== PROBLEM ==
Among the records below, find the line with "4、當物品收集滿,會彈出庫存" and the line with "Небольшая бортовая кухня". Set down both and every line between, exactly and with no pictures, but nothing else.
Segment Start: GIVEN RECORDS
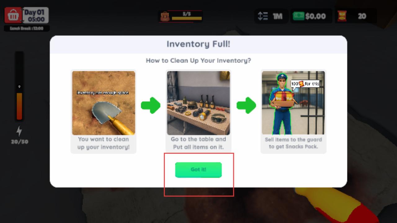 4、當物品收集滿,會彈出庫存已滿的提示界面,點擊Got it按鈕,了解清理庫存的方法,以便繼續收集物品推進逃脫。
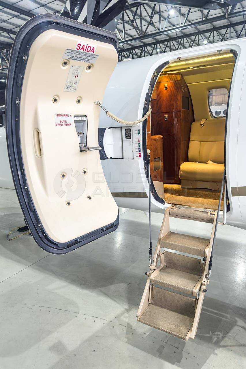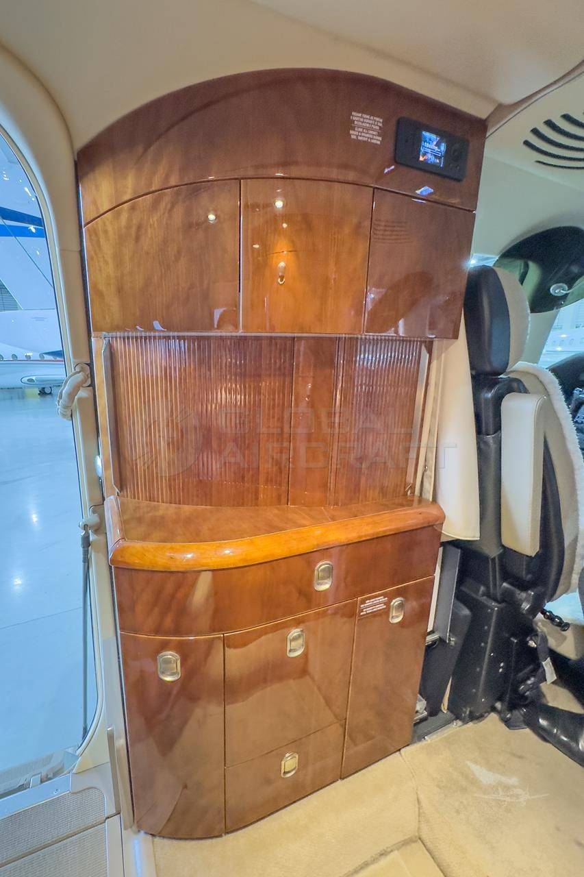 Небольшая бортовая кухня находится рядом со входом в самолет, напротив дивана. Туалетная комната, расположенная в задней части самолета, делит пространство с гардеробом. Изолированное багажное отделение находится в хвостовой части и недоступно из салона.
Segment End: GIVEN RECORDS
Segment Start: GIVEN RECORDS
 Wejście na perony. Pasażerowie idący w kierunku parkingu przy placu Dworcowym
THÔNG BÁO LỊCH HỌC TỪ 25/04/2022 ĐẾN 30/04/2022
Segment End: GIVEN RECORDS
Segment Start: GIVEN RECORDS
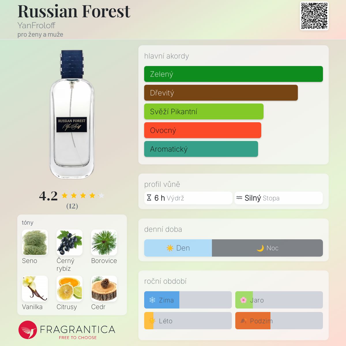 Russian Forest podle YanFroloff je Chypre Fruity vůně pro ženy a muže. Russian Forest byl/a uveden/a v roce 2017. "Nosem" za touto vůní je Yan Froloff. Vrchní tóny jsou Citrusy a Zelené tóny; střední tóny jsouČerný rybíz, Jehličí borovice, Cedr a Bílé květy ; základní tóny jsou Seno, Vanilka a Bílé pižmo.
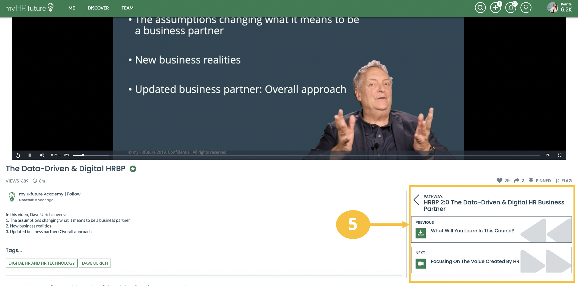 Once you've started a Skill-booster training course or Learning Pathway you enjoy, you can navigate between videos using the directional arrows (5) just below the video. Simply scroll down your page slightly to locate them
Segment End: GIVEN RECORDS
== ANSWER TO THIS EXERCISE ==
 4、當物品收集滿,會彈出庫存已滿的提示界面,點擊Got it按鈕,了解清理庫存的方法,以便繼續收集物品推進逃脫。
 Небольшая бортовая кухня находится рядом со входом в самолет, напротив дивана. Туалетная комната, расположенная в задней части самолета, делит пространство с гардеробом. Изолированное багажное отделение находится в хвостовой части и недоступно из салона.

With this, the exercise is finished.